The radio was still droning as they went out.
The telephone rang again. It was Penny this time.
"I'm coming down there," she said, "I'm scared. I'm coming down there with you."
"Stay away from here!" Rocks shouted. But she had already hung up. Desperately, he tried to call her back. There was no answer. She had already left. She was driving toward the museum, driving through a night in which death lurked.
Rocks groaned. He went back to the basement. There was nothing he could do. Nothing! The coffee pot was bubbling on its burner. He poured himself a cup of the scalding brew. It burned his throat but it cleared his head.
He went back to work. The language was out. He couldn't crack it. He didn't even have time to try to crack it any more. But there were Morton's notes. He hadn't studied them thoroughly. He had read only those portions of the notes that dealt with the language. He began to go over them again, starting with the section that dealt with the discovery of the box.
Jan. 10, 1940—Morton had written—Discovered today what is unquestionably the tomb of a Sumerian king. Located in a hillside. Cut out of solid rock. Landslide centuries ago had covered entrance. But even more important, in my opinion, than the tomb is the discovery of the strange metal box that we found in a niche at the back. We are unable to determine the metal of which the box is constructed. It is covered with mould but shows no sign of rust or corrosion, which is exceedingly unusual, for this tomb dates back into the past for at least six thousand years.
"Jan. 12, 1940. Box very heavy—must weigh more than a hundred pounds.
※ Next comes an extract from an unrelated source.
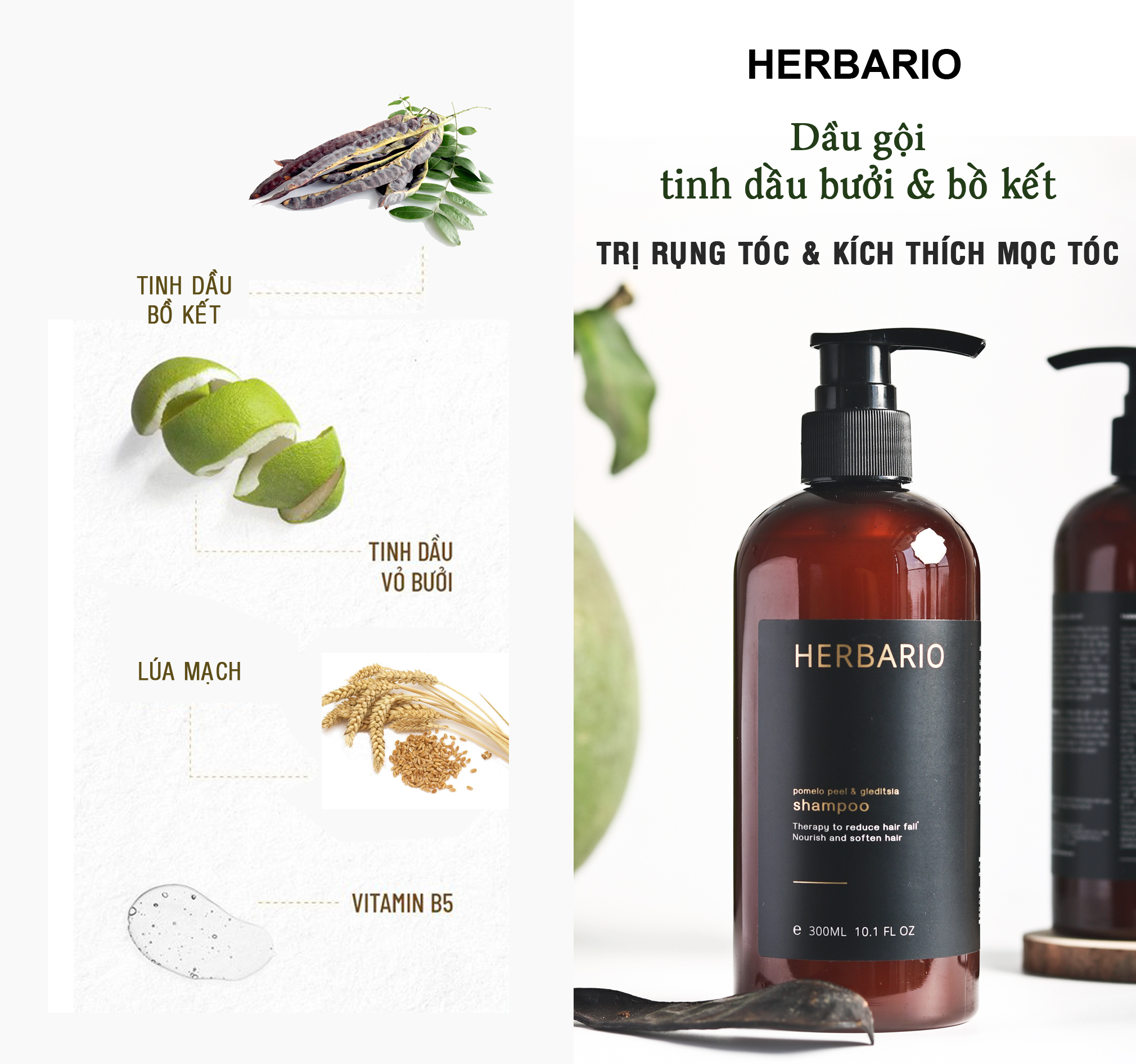 Thành phần đầy đủ dầu gội bưởi & bồ kết herbario:

Frankly, aside from its archeological interest, I am curious to know the contents of this box. There is a possibility of gold or gems. Guess I'm human after all, to be thinking about wealth. Am writing full details to the museum.
"Jan. 15, 1940. Unable to open box. Must have cunning combination lock. Also unable to decipher inscription on it. Don't know this form of writing. No record of it anywhere. This is exceedingly unusual. A completely forgotten language rediscovered."
Rocks Malone went through the notes, reading swiftly, searching, hoping for a clue. Outside in the night death was stalking. And there was a possibility that the clue to the death lay here, in the notes of the dead archeologist.
Penny came in. He went to meet her. She flew to his arms. "It's awful outside," she whispered. "Thousands of people must have heard the news broadcast. Half of them are trying to get to the theater where all those people were killed. The others are trying to get away. Oh, Rocks, have you discovered anything."
He shook his head. She looked again at his unshaven, haggard face, and said nothing.
He went back to the notes Morton had left. With Penny helping, he went through them, down to the last page. "It's no use," he groaned. "Morton didn't know anything about the thing that was in that damned box."
Then he turned the last page. Morton had written that page only yesterday, the day he died.
"Sept. 21, 1940. Succeeded in opening the box today. As I suspected it was closed by a combination lock. Deucedly clever thing, that lock. Not like any lock in use today. Patent rights on it might provide the museum with some of the cash it so badly needs.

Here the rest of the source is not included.